The weight and tension are distributed evenly, so no one spot really pinched uncomfortably; not even the stiff parts of my ears. If you spend long hours listening to music, you really should consider this pair.

These headphones come with two sets of cables: one standard 3.5mm cable, and another one with an in-line mic, call, and volume buttons for use with a mobile phone. The cables plug in to the left ear cup, and then into your device, which is a design that I have always appreciated, since snagging means the cables just break away from the cup instead of rendering your headphones nothing more than a shiny, but useless, fashion accessory. The soft cups mold very snugly around your head, and as such, offer pretty solid noise isolation. More than once I missed parts of conversations directed at me because I simply did not hear them, even at moderate volume. The price of the superb isolation, however, is heat. This is not really a pair of headphones you want to be using in the sweltering heat of your daily commute. Your ears will sweat buckets in very short order. For indoor use, though, it’s pretty hard to beat. The cable included is plenty long enough to trail from a pocket, bag, or table, and is thick and slightly rubberized, which helps keep tangles down. The microphone proved adequate for calls, though tended to drag across my face or clothing, creating noise for the listener on the other end. It worked best when just left alone to pick up my voice, so don’t touch it while in a call, and you should be fine.

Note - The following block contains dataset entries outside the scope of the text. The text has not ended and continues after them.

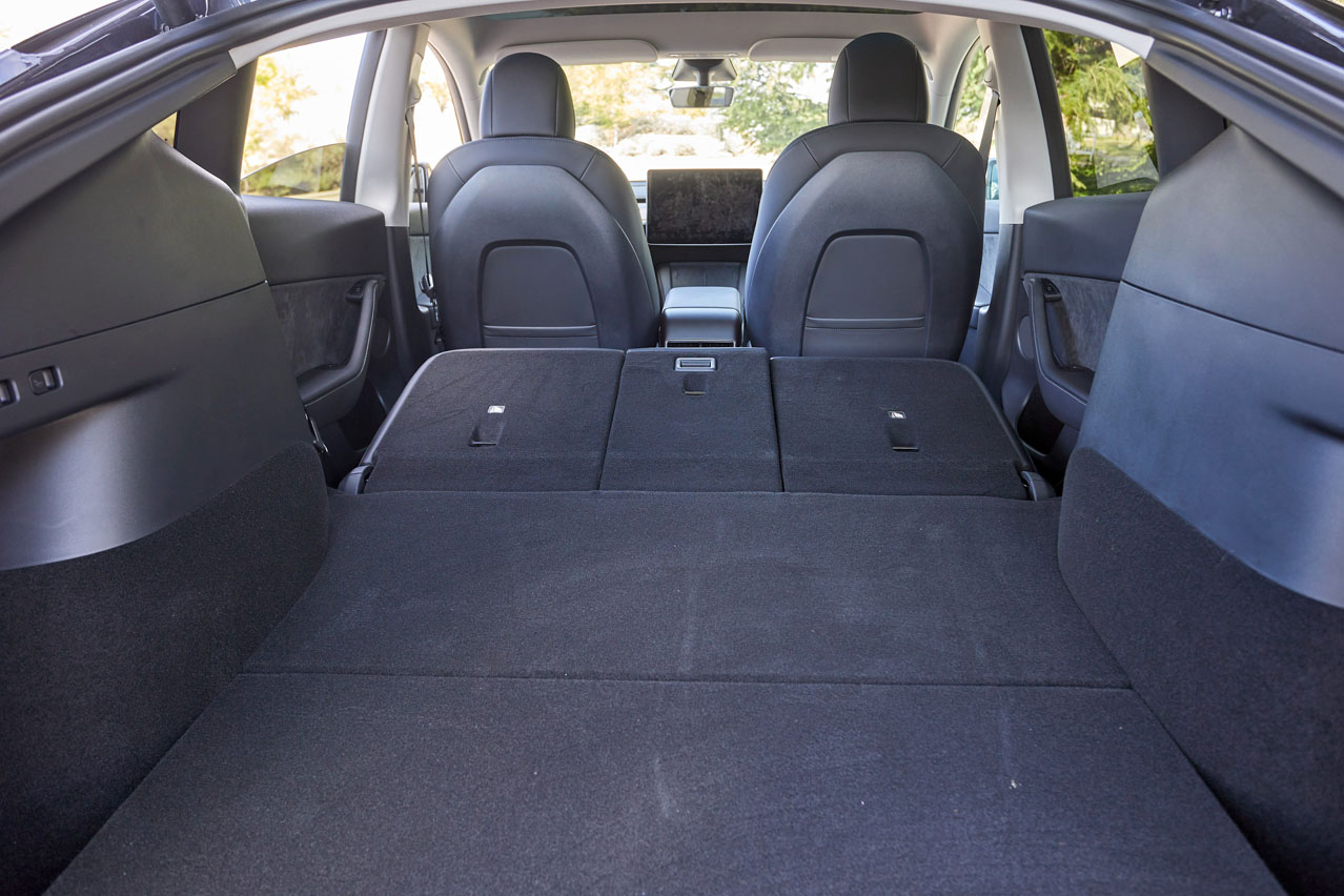 Y para amplio, bueno, enorme, su maletero. Según los datos oficiales cubica 854 litros. ¡Espera! Al no llevar ningún tipo de bandeja o cortinilla, Tesla lo mide hasta el techo, por lo que la cifra no es comparable con otros vehículos de la competencia. Sí, has leído bien: no lleva bandeja o cortinilla que cubra los bultos del maletero; la luna tintada hace un buen trabajo, pero no lo esconde por completo.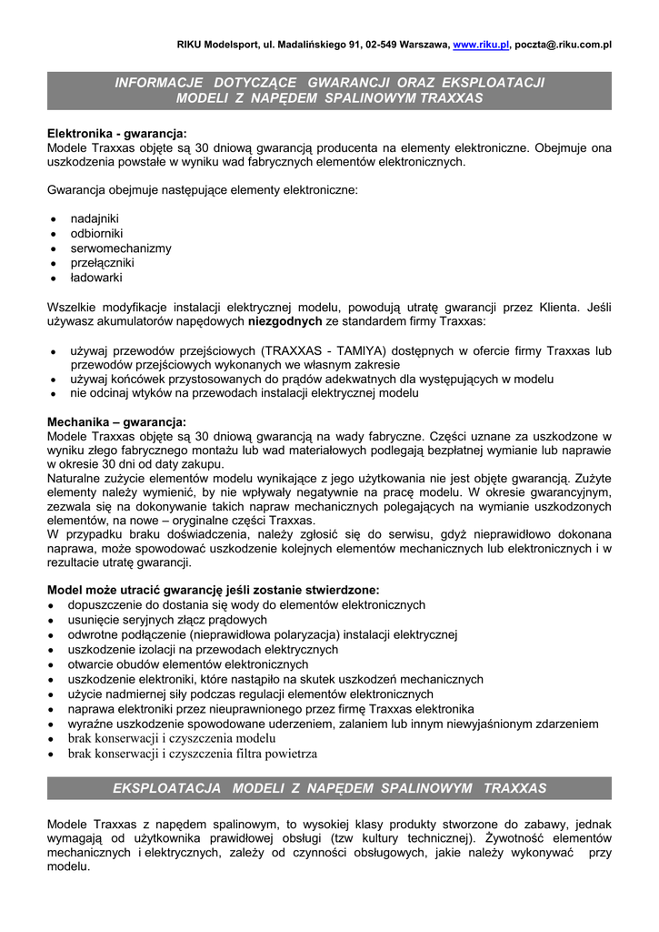 RIKU Modelsport, ul. Madalińskiego 91, 02-549 Warszawa, www.riku.pl, [email protected] INFORMACJE DOTYCZĄCE GWARANCJI ORAZ EKSPLOATACJI MODELI Z NAPĘDEM SPALINOWYM TRAXXAS Elektronika - gwarancja: Modele Traxxas objęte są 30 dniową gwarancją producenta na elementy elektroniczne. Obejmuje ona uszkodzenia powstałe w wyniku wad fabrycznych elementów elektronicznych. Gwarancja obejmuje następujące elementy elektroniczne: nadajniki odbiorniki serwomechanizmy przełączniki ładowarki Wszelkie modyfikacje instalacji elektrycznej modelu, powodują utratę gwarancji przez Klienta. Jeśli używasz akumulatorów napędowych niezgodnych ze standardem firmy Traxxas: używaj przewodów przejściowych (TRAXXAS - TAMIYA) dostępnych w ofercie firmy Traxxas lub przewodów przejściowych wykonanych we własnym zakresie używaj końcówek przystosowanych do prądów adekwatnych dla występujących w modelu nie odcinaj wtyków na przewodach instalacji elektrycznej modelu Mechanika – gwarancja: Modele Traxxas objęte są 30 dniową gwarancją na wady fabryczne. Części uznane za uszkodzone w wyniku złego fabrycznego montażu lub wad materiałowych podlegają bezpłatnej wymianie lub naprawie w okresie 30 dni od daty zakupu. Naturalne zużycie elementów modelu wynikające z jego użytkowania nie jest objęte gwarancją. Zużyte elementy należy wymienić, by nie wpływały negatywnie na pracę modelu. W okresie gwarancyjnym, zezwala się na dokonywanie takich napraw mechanicznych polegających na wymianie uszkodzonych elementów, na nowe – oryginalne części Traxxas. W przypadku braku doświadczenia, należy zgłosić się do serwisu, gdyż nieprawidłowo dokonana naprawa, może spowodować uszkodzenie kolejnych elementów mechanicznych lub elektronicznych i w rezultacie utratę gwarancji. Model może utracić gwarancję jeśli zostanie stwierdzone: dopuszczenie do dostania się wody do elementów elektronicznych usunięcie seryjnych złącz prądowych odwrotne podłączenie (nieprawidłowa polaryzacja) instalacji elektrycznej uszkodzenie izolacji na przewodach elektrycznych otwarcie obudów elementów elektronicznych uszkodzenie elektroniki, które nastąpiło na skutek uszkodzeń mechanicznych użycie nadmiernej siły podczas regulacji elementów elektronicznych naprawa elektroniki przez nieuprawnionego przez firmę Traxxas elektronika wyraźne uszkodzenie spowodowane uderzeniem, zalaniem lub innym niewyjaśnionym zdarzeniem brak konserwacji i czyszczenia modelu brak konserwacji i czyszczenia filtra powietrza EKSPLOATACJA MODELI Z NAPĘDEM SPALINOWYM TRAXXAS Modele Traxxas z napędem spalinowym, to wysokiej klasy produkty stworzone do zabawy, jednak wymagają od użytkownika prawidłowej obsługi (tzw kultury technicznej). Żywotność elementów mechanicznych i elektrycznych, zależy od czynności obsługowych, jakie należy wykonywać przy modelu. RIKU Modelsport, ul. Madalińskiego 91, 02-549 Warszawa, www.riku.pl, [email protected] Pojęcie "wodoszczelna elektronika". Używane przez firmę Traxxas pojęcie "wodoszczelna elektronika" oznacza, że Traxxas w modelach z napędem spalinowym, zapewnia wodoszczelność następujących elementów: pojemnika na odbiornik (nie dotyczy odbiornika) serwomechanizmów Równocześnie, nie oznacza to, że te elementy są całkowicie odporne na działanie wilgoci i wody. Należy pamiętać, że nieumiejętne użytkowanie i brak należytej staranności w zachowaniu czystości wszystkich elementów, może doprowadzić do ich zniszczenia. W szczególności należy pamiętać, aby po zakończeniu użytkowania modelu, starannie osuszyć i oczyścić wszystkie elementy modelu. Zniszczone na skutek braku kultury technicznej elementy, nie podlegają gwarancji. Modele Traxxas z napędem spalinowym, nie są modelami wodoodpornymi. Elementy modeli zostały przystosowane do jazdy w wilgotnych warunkach, jednak 100% zanurzenie modelu w wodzie spowoduje jego uszkodzenie. Również jazda w bardzo mokrych warunkach (w czasie deszczu, po kałużach i mokrej nawierzchni), wymaga dodatkowej uwagi poświęconej modelowi. Przed jazdą modelem w mokrych warunkach należy: sprawdzić szczelność pojemników na elektronikę dokonać kontroli, czy pokrywy są dobrze przykręcone i czy nie wypadły z nich uszczelnienia sprawdź, czy filtr powietrza silnika spalinowego jest zabezpieczony przed bezpośrednim wpływem wilgoci Silnik napędowy jest odporny na rozpryski wody, jednak nie jest wodoodporny. Podczas jazdy w mokrych, warunkach żywotność silników spalinowych maleje. Jeśli silnik ulegnie mocnemu zamoczeniu, przerwij jazdę, natychmiast usuń wodę z silnika i doprowadź go do stanu suchego. Jeśli silnik ulegnie poważnemu zamoczeniu i z tej przyczyny zostanie uszkodzony, spowoduje to utratę gwarancji. KONSERWACJA MODELI Z NAPĘDEM ELEKTRYCZNYM TRAXXAS Konserwacja modelu po jeździe w mokrych warunkach: odłącz zasilanie modelu oczyść obudowy elektroniki z kropel wody i pyłu oczyść silnik i jeśli to możliwe przedmuchaj sprężonym powietrzem lub specyfikiem do czyszczenia silników przejrzyj elementy mechaniczne modelu i oczyść je starannie z błota i osusz sprężonym powietrzem bezwzględnie zdemontuj filtr powietrza, wyczyść go używając odpowiednich środków chemicznych: benzyny oraz oleju do nasączania filtrów powietrza dbaj o czystość elementów modelu - przedłuży to jego żywotność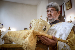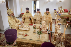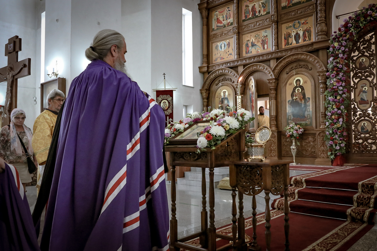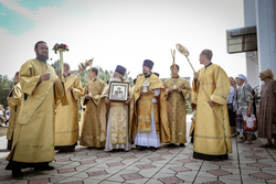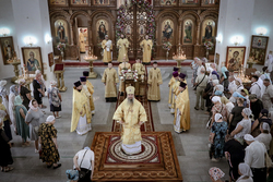 Когда подъезжаешь к собору святого равноапостольного великого князя Владимира, видна вся красота его и мощь. Особенно прохладно у подножия гор в это праздничное утро. Всё вокруг дышит праздником: и золотые купола храма, и ожидающие приезда правящего архиерея в таком же золотом облачении священнослужители и алтарники. Заметно, что многое изменилось во Владимирском соборе: обновилась прихрамовая территория, во всю идет строительство здания православной гимназии...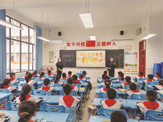 活动中,该局组织志愿者通过班级一体机、学校LED显示屏及学校微信公众号等平台,组织学生集中观看“制止餐饮浪费 青年在行动”宣传视频,引导学校师生学习《中华人民共和国反食品浪费法》,进一步提升师生节约意识。同时,组织志愿者走进课堂与学生面对面交流,向学生们介绍粮食的由来和食品浪费的范畴,带领学生们重温古诗《悯农》,体会粮食的来之不易,并普及正确的生活饮食方式,提醒学生们不挑食、不浪费,做一名合格的粮食守护小卫士。(黄壮 摄)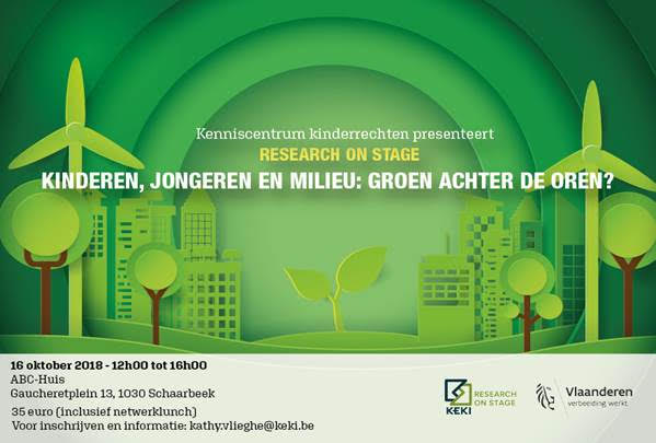 Wat zijn de nadelige effecten van ons veranderend leefmilieu? Wat zeggen kinderen en jongeren er zelf van? Hoe kunnen we kinderen en jongeren stimuleren om duurzaam gedrag te stellen? Dat zijn de vragen waarop het Kenniscentrum Kinderrechten (KeKi) op hun jaarlijkse Research on Stage dieper zal ingaan.   Danielle Van Kalmthout (UGent) brengt er vanuit een juridische insteek haar onderzoek m.b.t. milieurechten en de positie van kinderen daarbinnen. Aan interactieve onderzoekstafels worden naast belevingsonderzoeken van kinderen en jongeren (VVJ) ook concrete acties voorgesteld vanuit jongerenorganisaties (o.m. Globelink). Het Kinderrechtencommissariaat verzorgt het afsluitende woord. Op het event staat vooral de expertise van het publiek centraal. Aan de hand van begeleide rondetafelgesprekken ga je op zoek naar inspirerende praktijken en beleidsaanbevelingen.  Keki’s Research on Stage vindt plaats op dinsdag 16 oktober 2018 van 12.00 u. tot 16.00 u. in het ABC Huis te Brussel. Deelname kost 35 euro. Nog vragen?  Contacteer Ellen Van Vooren. Inschrijven kan via kathy.vlieghe@keki.be.                         |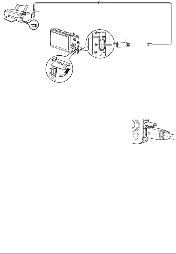 • Вставьте соединитель кабеля в порт USB/AV до щелчка, подтверждающего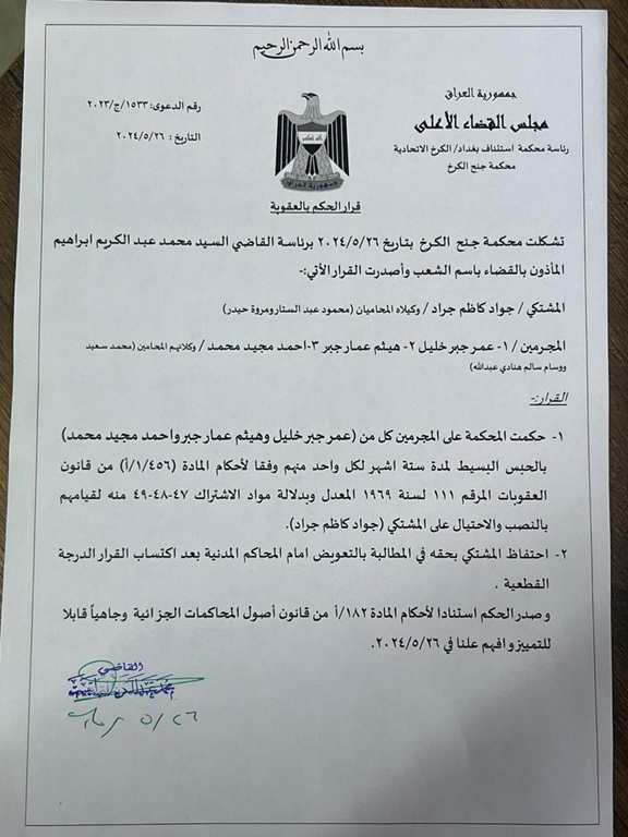وقالت المحكمة بحسب وثيقة، انه "حكمت المحكمة على المجرمين كل من (عمر جبر خليل وهيثم عمار جبر واحمد مجيد محمد) بالحبس البسيط لمدة ستة أشهر لكل واحد منهم وفقا لأحكام المادة (456/1/أ) من قانون العقوبات المرقم 111 لسنة 1969 المعدل وبدلالة مواد الاشتراك (47-48-49) منه لقيامهم بالنصب والاحتيال على المشتكي (جواد كاظم جراد)".
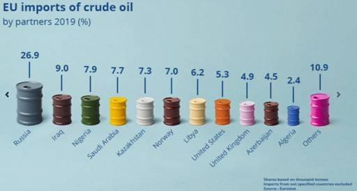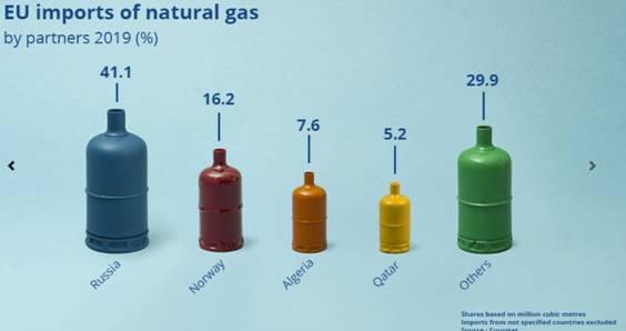 According to Eurostat, more than half of the EU’s energy needs - 61 per cent- were supplied by imports in 2019. The EU mainly depends on Russia for imports of crude oil (27 per cent), natural gas (41 per cent of EU’s natural gas imports) and solid fuels, followed by Norway.
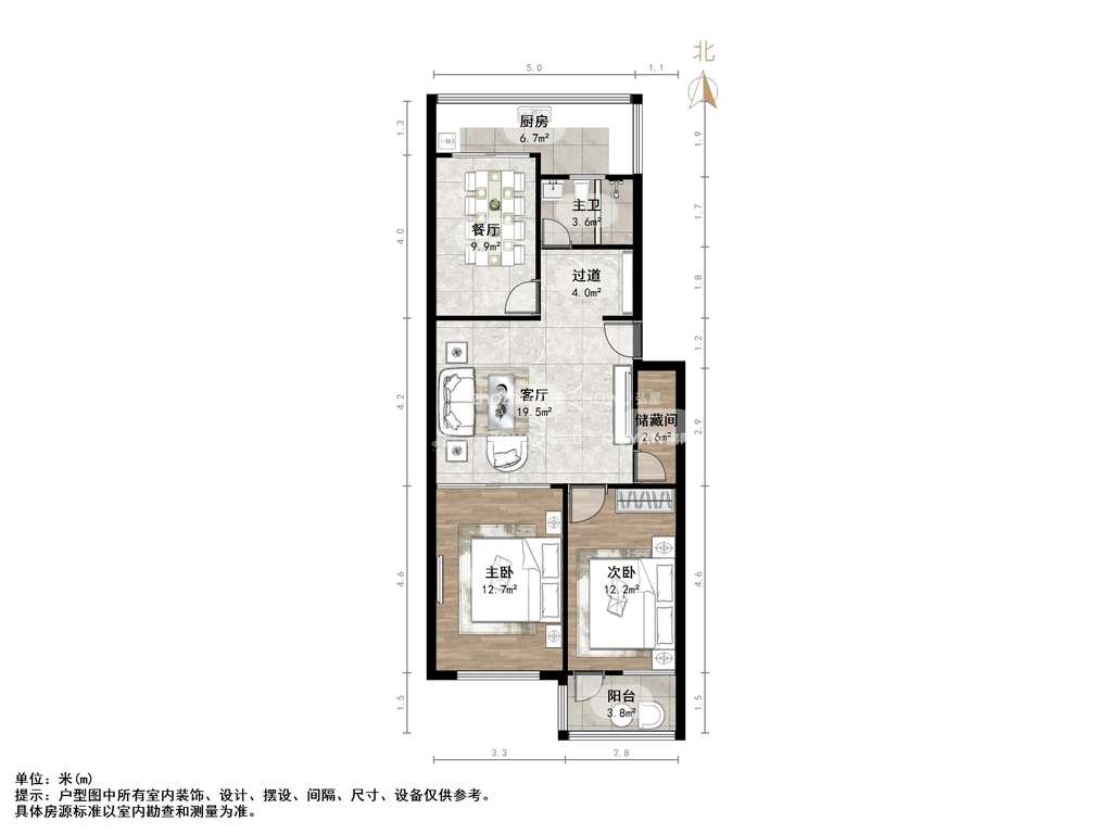 厅室3室2厅1卫1阳台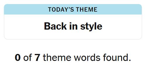 Today’s theme or hint for the puzzle is, “BACK IN STYLE” and there are seven theme words to be found.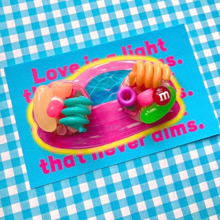 樹脂スプリンクルを封入した平丸レジンパーツに、デコパーツやビーズを盛り付けたデコラティブなイヤーアクセサリー。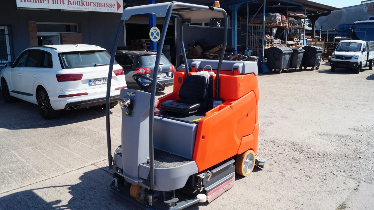 Scheuersaugmaschine Hako Scrubmaster B260 R, TB1230, Baujahr 2023, 50 Betriebsstunden, Versorgungsspannung: 36V, Arbeitsbreite der Bürsten (cm): 123, Saugbreite (cm): 129, Theoretische Flächenleistung (m²/h): 8600, Tankinhalt sauberes/schmutziges Wasser (l): 260/260, Anzahl der Bürsten (Stk.): 3, Gesamtgewicht, fahrbereit (kg): 1375, Steigfähigkeit (%): 15, mit Ladegerät, Fahrerschutzdach, Blu Spot vorn, Blitzlicht am FSD, Arbeitsscheinwerfer, Quick Connect System, On Board Dosiersystem, Spritzdüse inkl. Halterung, Ser.Nr.718200303774
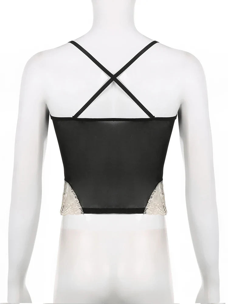This black lace cami crop top adds a touch of bewitching charm to any outfit. Its delicate lace detailing and cropped design create a stylish yet subtle look. Made with high-quality materials. it provides both comfort and elegance. Perfect for a night out or a casual day out. this top is a must-have in any wardrobe.

Sound quality is at par for Sony headphones, that is to say excellent. These headphones gave me the kind of sound I look for in headphones: more of an emphasis on mids than bass, and very vivid highs. This is not to say that the bottom is missing, it’s just not overpowered, and does not drown out all the other tones. Vocals in particular come out very nicely; something I value in audio equipment in general. There is also a pleasant absence of sibilance (the sharp, annoying “S” sound), even on some tracks that I knew it to be present. This doesn’t mean you can give up higher bitrates; just that it is a little more forgiving than some other headphones in the market.

They aren’t the cheapest headphones available today (they are available online for just under USD 200) , but the Sony MDR-1R is a pretty good investment. Great comfort, Sony quality, and excellent sound reproduction all make for a great pair of headphones to own and use.